A Babylon asbestos-removal company is seeking about $321,000 in tax breaks from Islip to move its corporate headquarters into the former Rite Aid building at 101 Main Street in Sayville, a plan that could bring 45 employees downtown and eventually grow to 56 within two years.
The proposal, for International Asbestos Removal, was listed on the Town of Islip Industrial Development Agency’s March 24, 2026 agenda as an inducement resolution, and the town board discussion memorandum also placed the matter before town officials that day. Town officials said the move would represent a $5 million capital investment and a major reuse of a vacant commercial property in the middle of Sayville’s walkable village center.
For the town’s industrial development agency, the project fits the basic purpose of a public benefit corporation created in 1974 to promote and assist business facilities and job growth. For many people around Main Street, though, the question is not only whether the building can be filled, but what kind of tenant belongs in a district anchored by restaurants, shops and pedestrians.
Greater Sayville Chamber of Commerce administrator Eileen Tyznar said the company does not fit the Main Street climate, and the chamber has started an online page to oppose the move and a petition that gathered more than 100 signatures in its first few days. Residents raised concerns about work vehicles, pressure on already limited parking and whether a hazardous-materials contractor belongs steps away from eateries and boutiques, even if the company would not be handling asbestos on Main Street in the same way it does at job sites.
International Asbestos Removal is headquartered at 119 Cooper Street in Babylon, was founded in 1987 and is described in business directories as a licensed, bonded, insured contractor with about 50 employees and WBE certification. The company says it handles environmental divisions work and insulation, but the Sayville fight is less about its trade than its address, and about whether a health-adjacent business changes the feel of the village core.
The former Rite Aid site is listed as a 13,035-square-foot building with about 80 feet of frontage, rear parking for more than 200 cars in a free municipal lot, about 37 dedicated parking spaces and street parking. One listing says traffic on the block exceeds 17,000 cars a day, a number that helps explain why parking has become such a sensitive issue in Sayville.
That sensitivity is not new.

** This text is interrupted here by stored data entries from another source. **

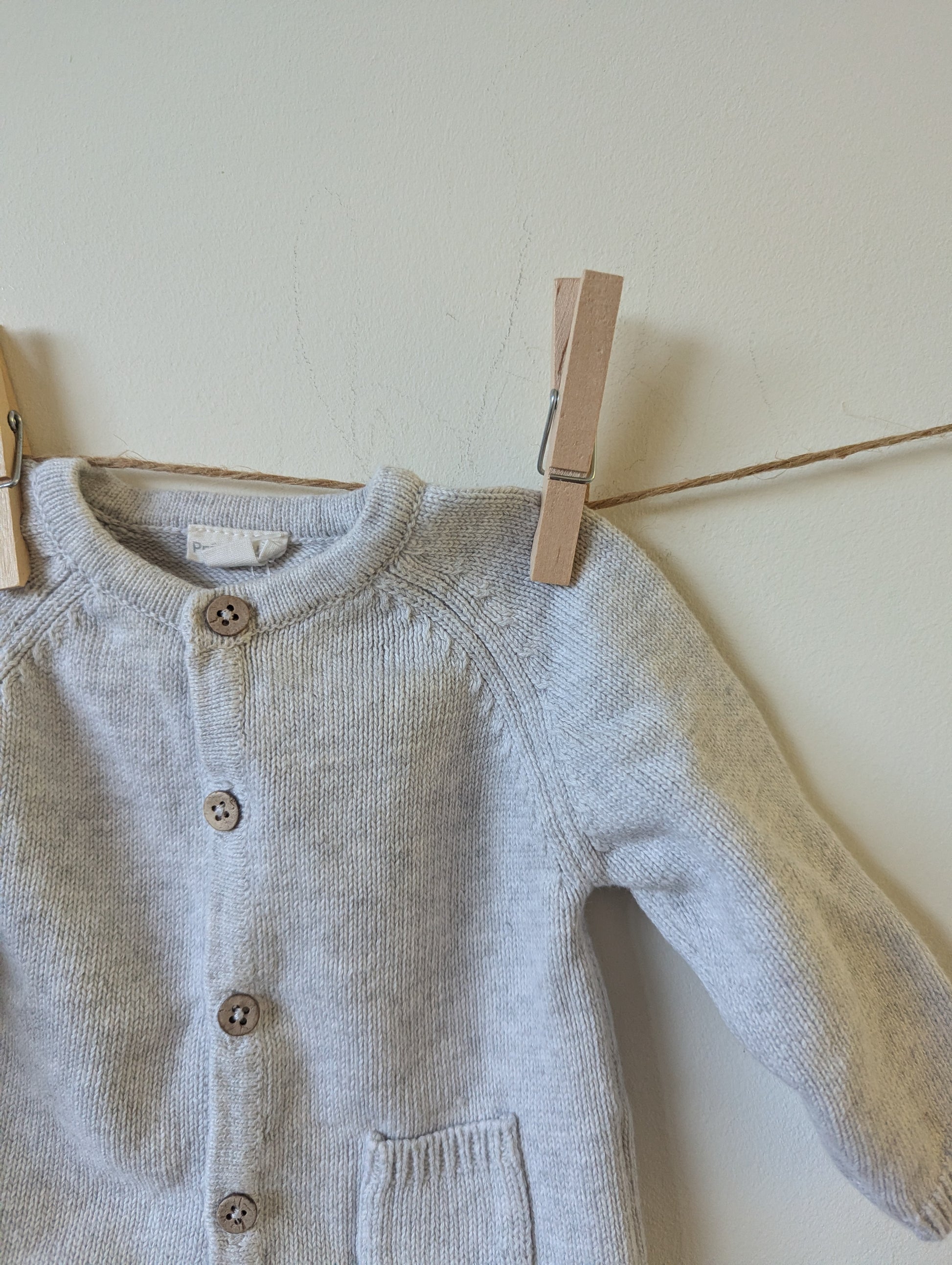 licht grijs vestje met kokosnootknoopjes
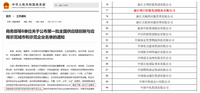 喜報!明日控股成功獲評首批全國供應(yīng)鏈創(chuàng)新與應(yīng)用示范企業(yè)
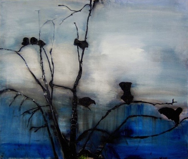 ‘Het beeldend werk is voor mij geen illustratie bij mijn poëzie. De woorden zijn geen verklaring voor de schilderijen, maar soms sluiten mijn woorden en beelden vrijwel naadloos op elkaar aan’
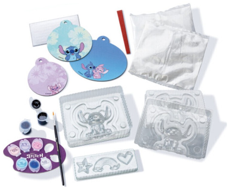 Φτιάξε τον Stitch και την Angel με γύψο! Περιλαμβάνει υλικά για 3D Φιγούρες και μικρά διακοσμητικά, που μπορούν να ζωγραφιστούν μετά την κατασκευή. Ένα πλήρες σετ για δημιουργική διασκέδαση!
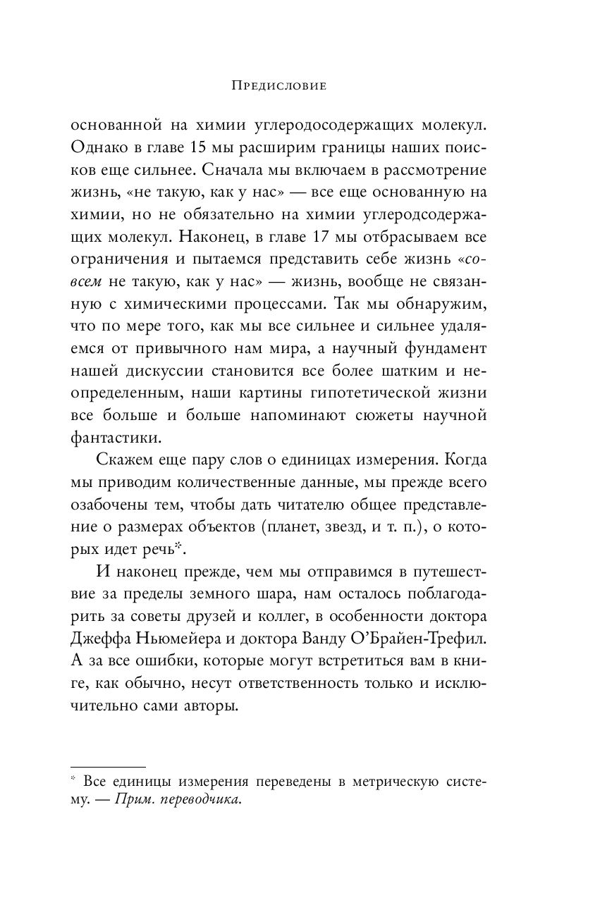 Zinātnieki Trefils un Vasaras, fizikas un astronomijas profesori, aicina mūs doties iedomātā ceļojumā, sava veida safari cauri tālām galaktikām un eksoplanētām, lai meklētu dzīvību, kas, iespējams, tur pastāv. Izmantojot jaunākos zinātniskos pierādījumus, viņi apgalvo: Kā un kāpēc dzīvība varētu pastāvēt uz citām planētām? Kā tas varētu attīstīties "pilnīgi izraktos" apstākļos - īpaši zemā temperatūrā un īpaši lielā gravitācijas pakāpē? Vai ir iespējams atkārtot dzīvības ceļu uz citām planētām? Cik liela ir iespējamība, ka dzīvība būs neorganiska un mākslīga, pamatojoties uz citiem elementiem, nevis oglekli? Katras sadaļas beigās autori min humoristiskus argumentus, lai pierādītu vai atspēkotu, kā un kāpēc konkrēta dzīve varētu kļūt par vienīgo iespējamo lietu Visumā.
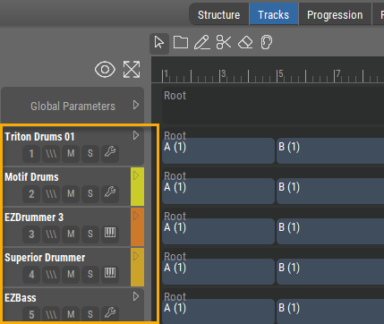 Tracks have clearly visible numbers. The number is important to distinguish instruments that use the same sound (unless you rename instruments manually - most users are too lazy to do that, including me).
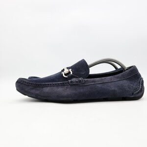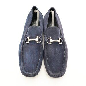 Salvatore Ferragamo Blue Navy Suede Loafers Men's Size 12 D Slip On Casual Shoes
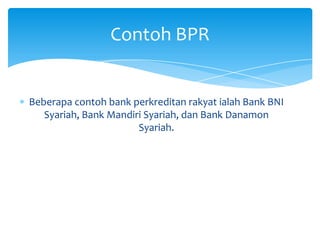 Perbedaan Bank Umum, Bank Perkreditan Rakyat, dan Bank ... Bank Perkreditan Rakyat o Menghimpun dana dari masyarakat dalam bentuk simpanan berupa deposito berjangka tabungan dan atau bentuk lainnya yang dipersamakan dengan itu o Menyediakan pembiayaan dan penempatan dana berdasarkan prinsip syariah sesuai dengan ketentuan yang ditetapkan oleh Bank Indonesia o Menempatkan dananya dalam bentuk Sertifikat Bank Indonesia ( SBI ), deposito berjangka ...
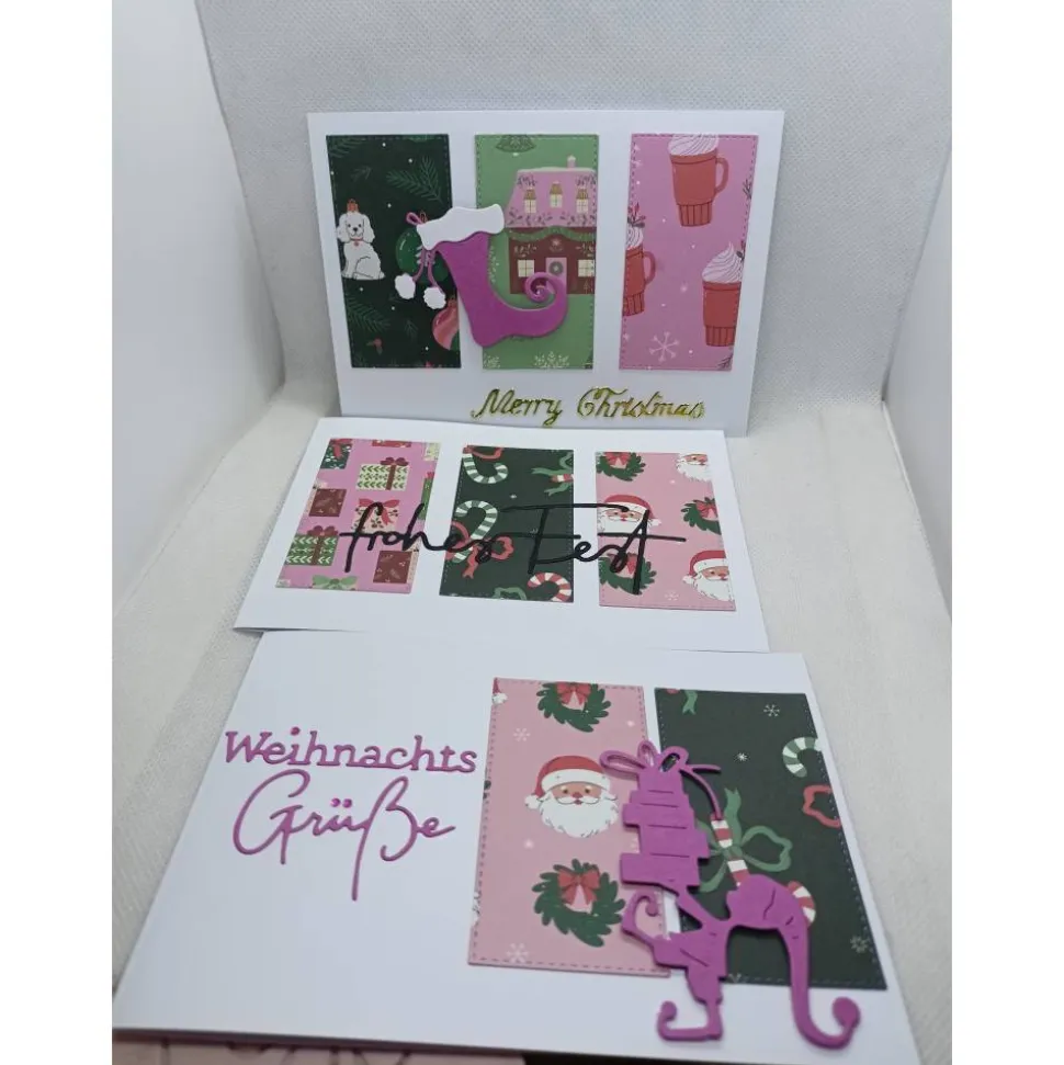 Alle 3 Karten haben den selben Stil und sind im modernen Look gebastelt.

The chamber previously pushed for reopening a North Main Street parking lot that business owners considered essential, and the town had leased that property in the past to provide extra spaces for Main Street merchants. With the International Asbestos Removal application still unresolved, the Sayville debate is now becoming a test of precedent: whether a central retail block can absorb a nontraditional office tenant, and how much strain on parking and identity downtown residents are willing to accept.